Ah! croyons-le, croyons-le, Eugénie, la nature, notre
mère à tous, ne nous parle jamais que de nous; rien
n'est égoïste comme sa voix, et ce que nous y
reconnaissons de plus clair est l'immuable et saint
conseil qu'elle nous donne de nous délecter, n'importe
aux dépens de qui. Mais les autres, vous dit-on à cela,
peuvent se venger... A la bonne heure, le plus fort seul
aura raison. Eh bien, voilà l'état primitif de guerre et
de destruction perpétuelles pour lequel sa main nous
créa, et dans lequel seul il lui est avantageux que nous
soyons.
Voilà, ma chère Eugénie, comme raisonnent
ces gens-là, et moi j'y ajoute, d'après mon expérience
et mes études, que la cruauté, bien loin d'être un vice,
est le premier sentiment qu'imprime en nous la nature.

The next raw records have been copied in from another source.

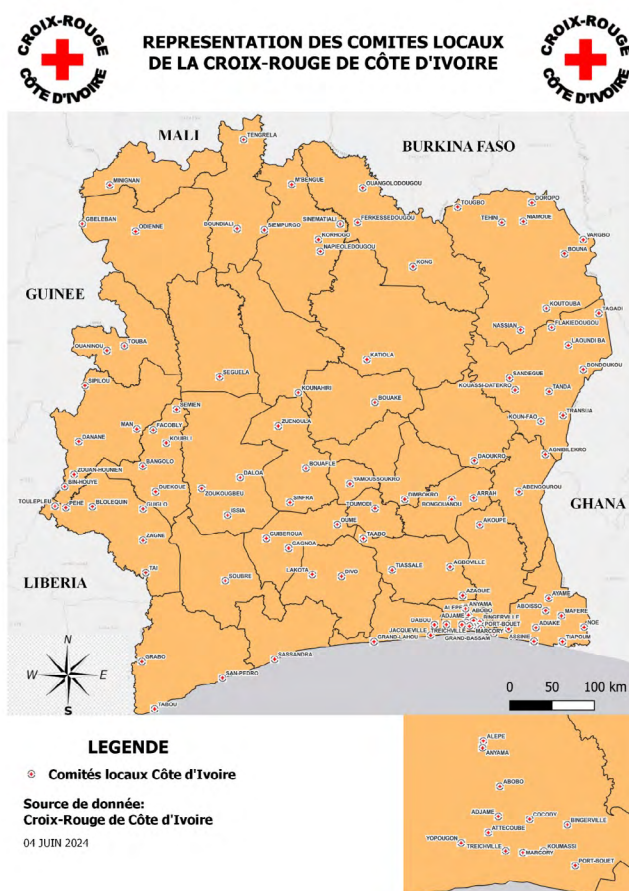
Map of the Red Cross Society of Côte d'Ivoire branches

In 2023 , the Red Cross Society of Côte d'Ivoire reached approximately 12,000 people through its climate risks awareness programmes programmes, and more than 900 people through its disaster response and early recovery programmes.
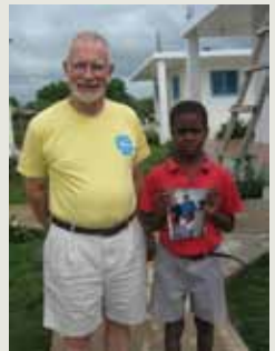
A reunion with his "grandson"
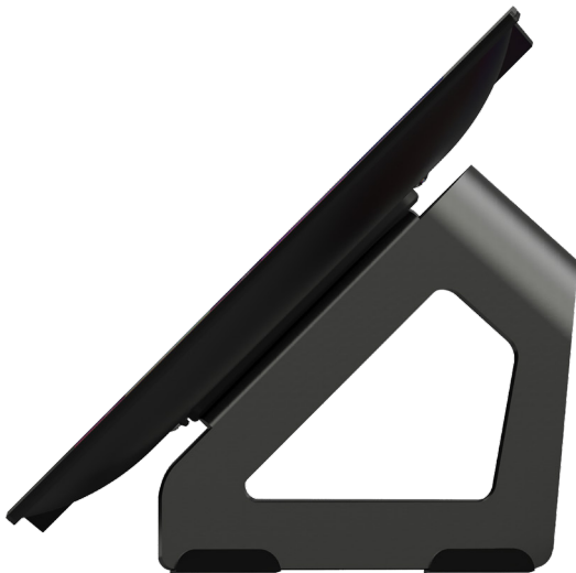
The Tabletop Stand is sold separately
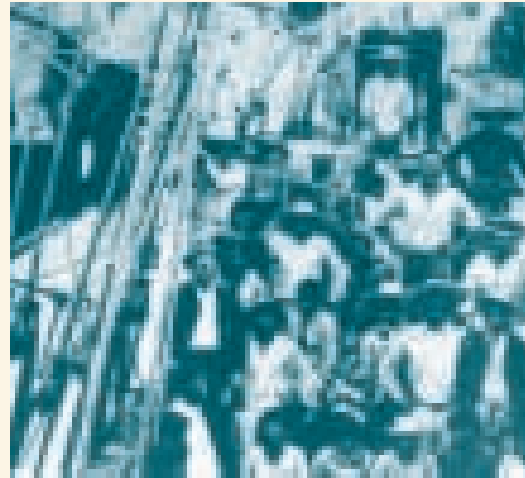
neg. no. 18058

As an outcome of a government forum held in Mackay in February 2000 on Australian South Sea Islander issues, a Mackay-based taskforce was formed to develop an action plan to address issues relating to delivery of government services to members of the community in the Mackay region.
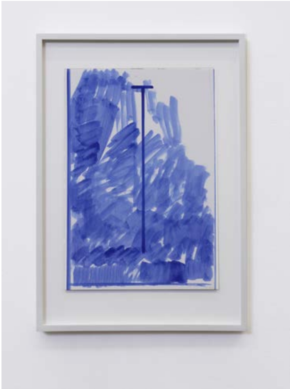
John Zurier, Untitled (Oct. 23, 2020) 1 , 2020 oil on paper, 36 x 25.5 cm
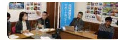
Overseas PR (India)

In cooperation with excellent Japanese language schools overseas and in Japan, we hold study abroad information sessions to provide information on universities and living environments in Fukuoka Prefecture.
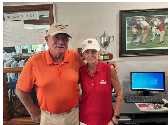
1st place GROSS – 2024 Couple's Club Champions

Your 2024 Couple's Club Champions top three GROSS teams are:
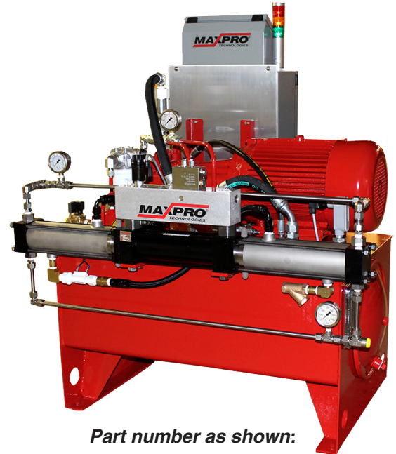
Part number as shown: MTHI1.5-10-PLC
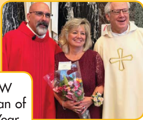
CCW Woman of the Year

A publication of St. Isidore Church for all registered parishioners, so that they may share in the vitality of our faith community stisidoreparish.org
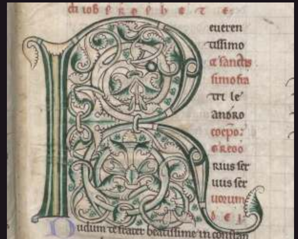
Bruges, PL, Ms. 140 f. 2r; ca.1200; Gregorius Magnus, Moralia in Job
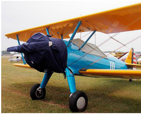
Stearman PT-13 Engine Cover
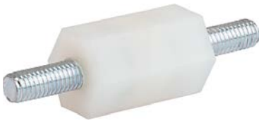
Transpillars Style 1

Transpillars, a rugged insulated mounting system
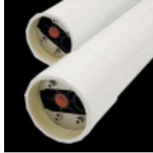
2.5" and 4"
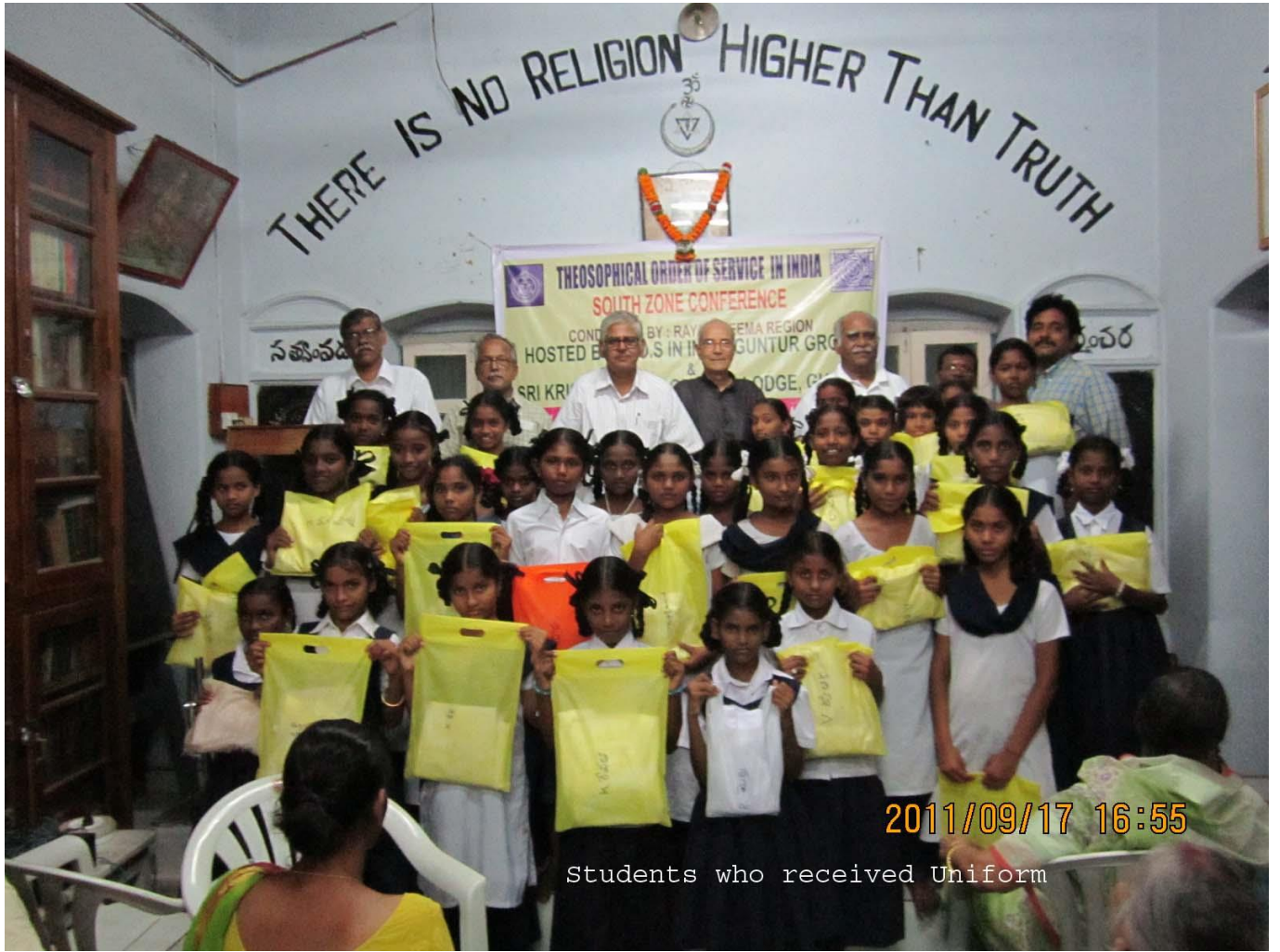
South Zone Conference at Guntur, Rayalaseema Region 2011
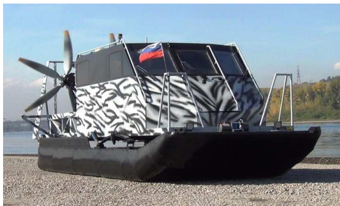
Fig. 5. An amphibian snowmobile "the Seal 655" made by LLC Aerospetstrans

655 by Siberian Company OOO Aerospetstrans (fig.5) was manufactured using high-strength aluminum alloy resistant to extremely low temperatures. Unlike other models, this snowmobile is fully adapted for operation under Arctic conditions; therefore, it is safe to say that this aerial all-terrain vehicle is suitable for operation in Russia, especially in the north where there are no permanent roads.
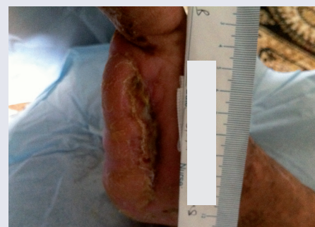
Figure 4: Wound bed is 100% granulated and there is no current need for antimicrobials, although their prophylactic use has been considered.

a high bacterial burden and if not treated appropriately the wound and the localised tissue could become infected. Therefore, the treatment plan was focused on the use of antimicrobial therapy.
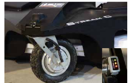
Stream C pivoting and motorized front wheel
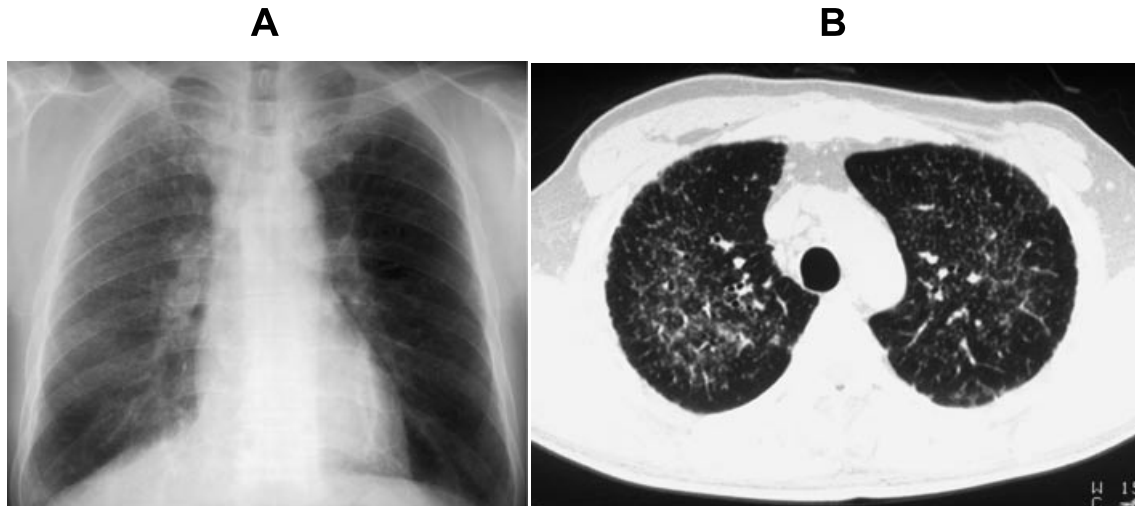
Figure 1. (A) A chest X-ray film on admission (March 16, 2001). Bilateral hilar lymphadenopathy and diffuse small nodular shadows in the bilateral lung fields were observed. (B) A Chest high resolution CT film on admission (March 19, 2001). Diffuse small nodular opacities oriented mainly in a centrilobular and peribronchovascular pattern and pleural nodules were seen.
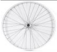
XES070001 Universal wheel
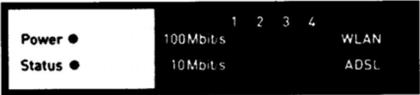
Illustration 2 Front Panel

The LEDs on the front panel indicate the state and activity of the appliance.
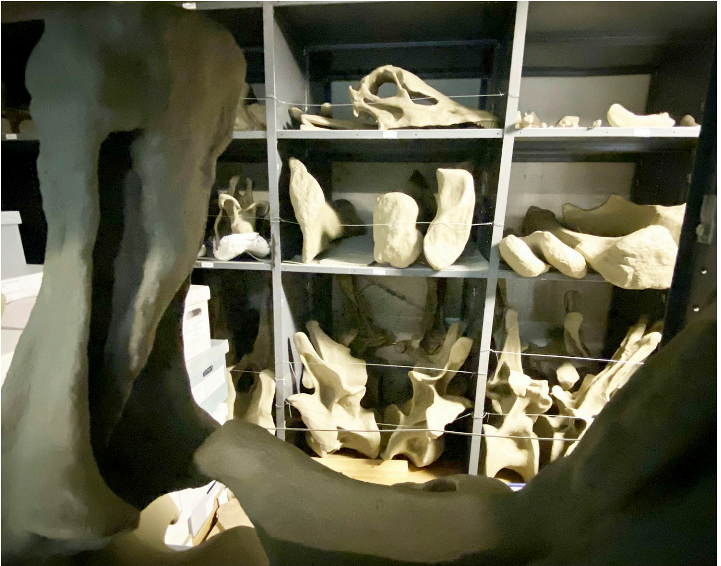
Figure 13. The elements of the concrete cast as they are now, having been cleaned and stored in the basement storage area on the Utah State University Eastern campus in Price, Utah.

Even the Diplodocus that started it all, the cast presented by Andrew Carnegie to the British Museum (Natural History) on May 12, 1905, seems to be ambling towards an undistinguished fate. Having been the centerpiece of the museum’s main hall for nearly four decades, it was removed in 2017 to make more space for corporate events (Steerpike, 2015; Nieuwland, 2019, p. 260). The cast was sent on a tour of the UK, but now that this has concluded, “in all likelihood the plaster dinosaur will meet an inglorious end in the basement of the museum” (Nieuwland, 2019, p. 4). However, while
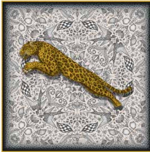
Nude Gold - Part Number: JSTSILKNG
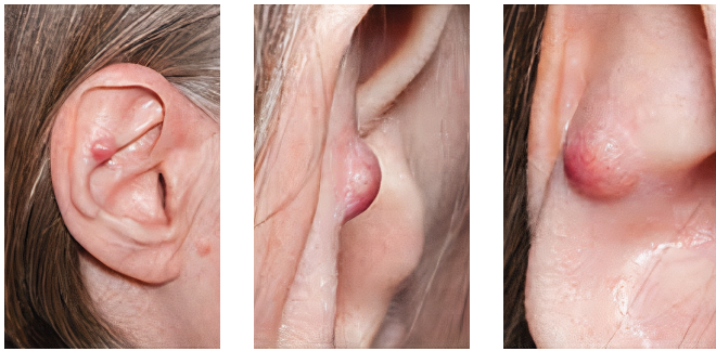
Figure 5: Images at different angles are useful for raised lesions.
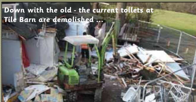
Down with the old - the current toilets at Tile Barn are demolished ...

Plans are now in place for the new toilet / shower block at Tile Barn (right) and permission has been given for building work to begin. This began in February 2011 and should be complete by the early summer. We do apologise for any impact of groups whilst the work takes place - temporary facilities will be in place until the new building is complete. The brand new building will be in the same place as the existing block and include individual; shower/changing cubicles, toilets, sinks, accessible & group leader facilities and an undercover D of E washing up area.
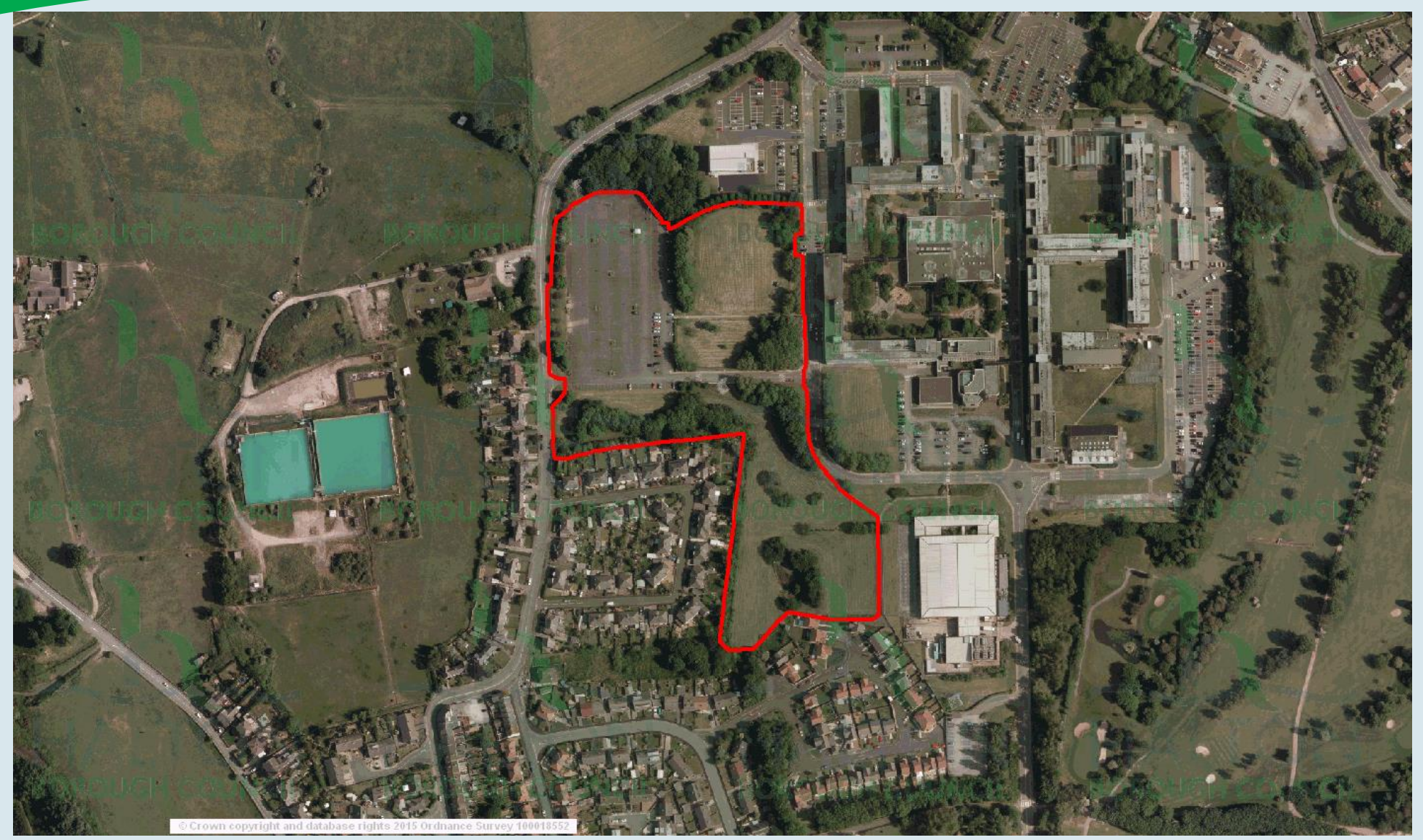
Application Number: 12/00100/OUT
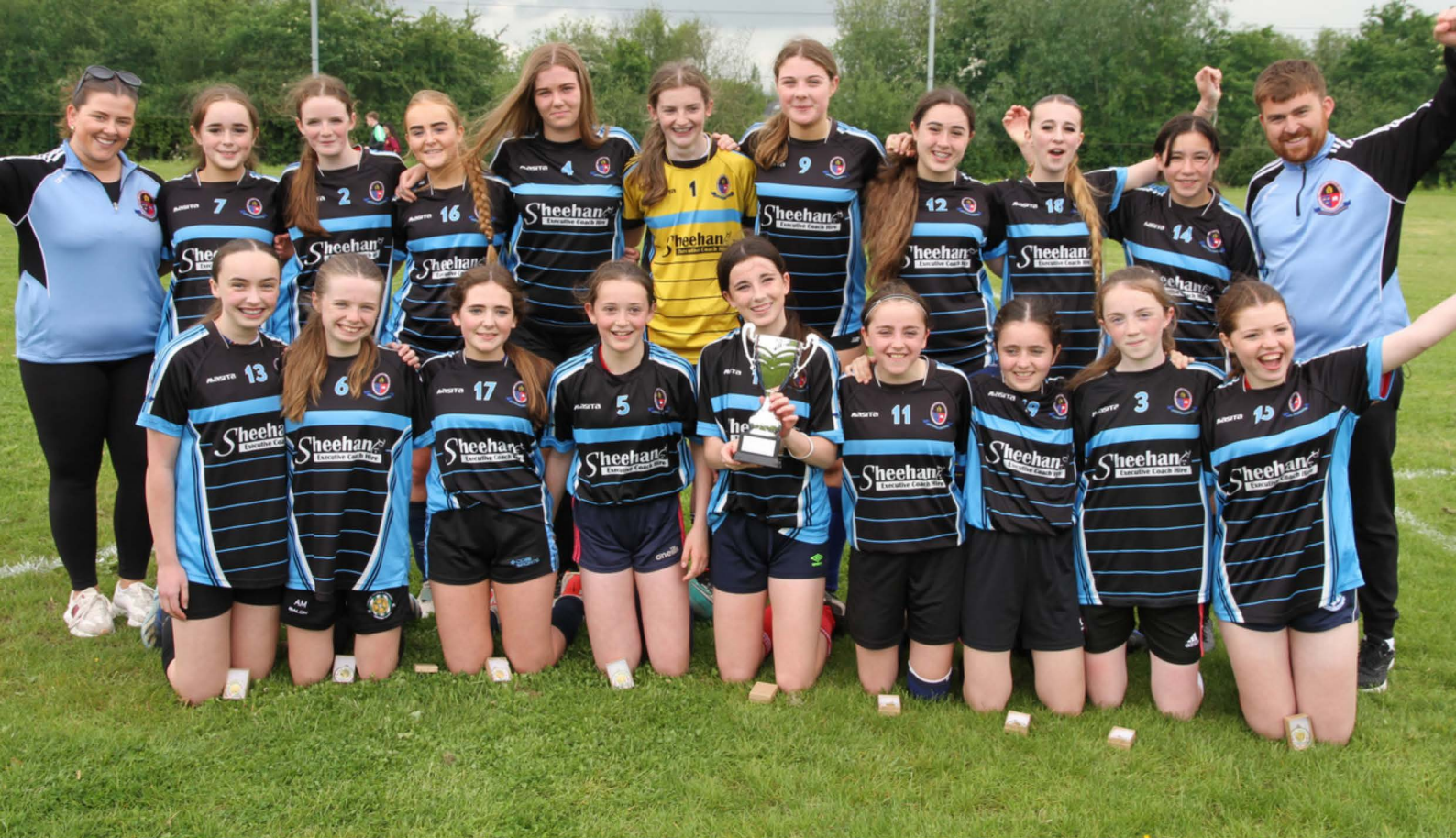
First year Girls Soccer team who won the Limerick District Final

L'enfant brise son hochet, mord le téton de sa
nourrice, étrangle son oiseau, bien avant que d'avoir
l'âge de raison. La cruauté est empreinte dans les
animaux, chez lesquels, ainsi que je crois vous l'avoir
dit, les lois de la nature se lisent bien plus
énergiquement que chez nous; elle est chez les
sauvages bien plus rapprochée de la nature que chez
l'homme civilisé: il serait donc absurde d'établir qu'elle
est une suite de la dépravation. Ce système est faux, je
le répète. La cruauté est dans la nature; nous naissons
tous avec une dose de cruauté que la seule éducation
modifie; mais l'éducation n'est pas dans la nature, elle
nuit autant aux effets sacrés de la nature que la culture
nuit aux arbres. Comparez dans vos vergers l'arbre
abandonné aux soins de la nature, avec celui que votre
art soigne en le contraignant, et vous verrez lequel est
le plus beau, vous éprouverez lequel vous donnera de
meilleurs fruits. La cruauté n'est autre chose que
l'énergie de l'homme que la civilisation n'a point
encore corrompue : elle est donc une vertu et non pas
un vice. Retranchez vos lois, vos punitions, vos usages,
et la cruauté n'aura plus d'effets dangereux, puisqu'elle
n'agira jamais sans pouvoir être aussitôt repoussée par
les mêmes voies; c'est dans l'état de civilisation qu'elle
est dangereuse, parce que l'être lésé manque presque
toujours, ou de la force, ou des moyens de repousser
l'injure; mais dans l'état d'incivilisation, si elle agit sur
le fort, elle sera repoussée par lui, et si elle agit sur le
faible, ne lésant qu'un être qui cède au fort par les lois
de la nature, elle n'a pas le moindre inconvénient.